Streptococcus pneumoniae (pneumococcus [Pnc]) is a common bacterial agent found in mild mucosal as well as severe systemic infections. Local infections, such as acute otitis media, are rather common; every child has at least one during the first 2 years of life (1), and Pnc is the causative agent in approximately half of the bacterial culture-positive cases (2). Pneumonia is another disease often caused by Pnc, both in industrialized and developing countries. Pneumonia, which causes more than one million deaths per year, is the most common cause of childhood death in the developing world (3); pneumococcal pneumonia is a serious problem among the elderly in industrialized countries. Pnc also causes frequent invasive infections, especially among children. In Finland, the incidence of bacteremic pneumococcal infections at 0 to 4 years of age has been 24.2 per 100,000 per year (4). The corresponding rate was 42 per 100,000 per year in Israel (5) and 66 per 100,000 per year in the United States (6). In addition to the young and the elderly, some of the other groups at increased risk for Pnc infection are patients with chronic cardiac or pulmonary diseases, immunocompromised patients, and especially persons with functional or anatomic asplenia (7).

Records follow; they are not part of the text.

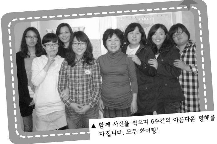
▲ 함께 사진을 찍으며 6주간의 아름다운 향해를 마칩니다. 모두 화이팅!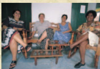
Lehrerinnen, Academia Máximo, Havanna

Der didaktische Aufbau der Kurse und die Unterrichtsmethodik ist mit denen der Academia Máximo, Havanna identisch. Themenspezifische Konversationskurse werden derzeit jedoch nicht angeboten. Die beiden Lehrwerke »Caminos« und »VEN« sind auch in der Academia de Español vorhanden. Dort können jedoch auch andere Lehrwerke zum Einsatz kommen.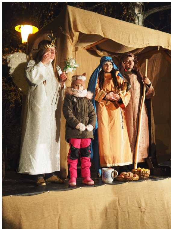
Živý Betlém ve Slatině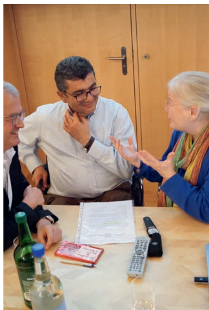
LINKS: Kloster Mar Musa, «Taizé des Orients», geprägt vom verschollenen Paolo dall'Oglio SJ, hat Wurzeln bis ins 6. Jahrhundert – und lebt langsam wieder auf.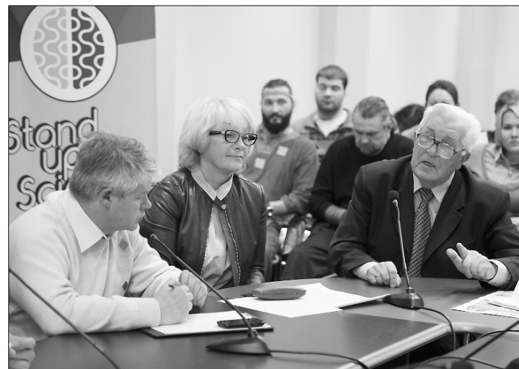
■ В спорах рождается истина

С 30 октября по 4 ноября в Тольятти прошла IV спартакиада боевых искусств (СБИ) «Непобедимая держава» — крупнейшее спортивное событие Самарской области. В этом году в спартакиаде приняло участие порядка шести тысяч спортсменов в более чем 30 видах спорта.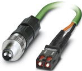
PCF-GI cable, assembled with M12 connector to SC-RJ

Please be informed that the data shown in this PDF Document is generated from our Online Catalog. Please find the complete data in the user's documentation. Our General Terms of Use for Downloads are valid ( http://phoenixcontact.com/download )

The treatment of recently emerged Pnc strains that are resistant to penicillin and other antibiotics (8) is becoming a challenge. Because of the high rates of illness and death associated with pneumococcal infections and the rapidly increasing resistance of organisms that cause these infections to antimicrobial drugs, development and use of effective pneumococcal vaccines is of high priority. The progress has been rapid; in addition to polysaccharide(PS)-protein conjugate vaccines, vaccines containing pneumococcal proteins are also being developed.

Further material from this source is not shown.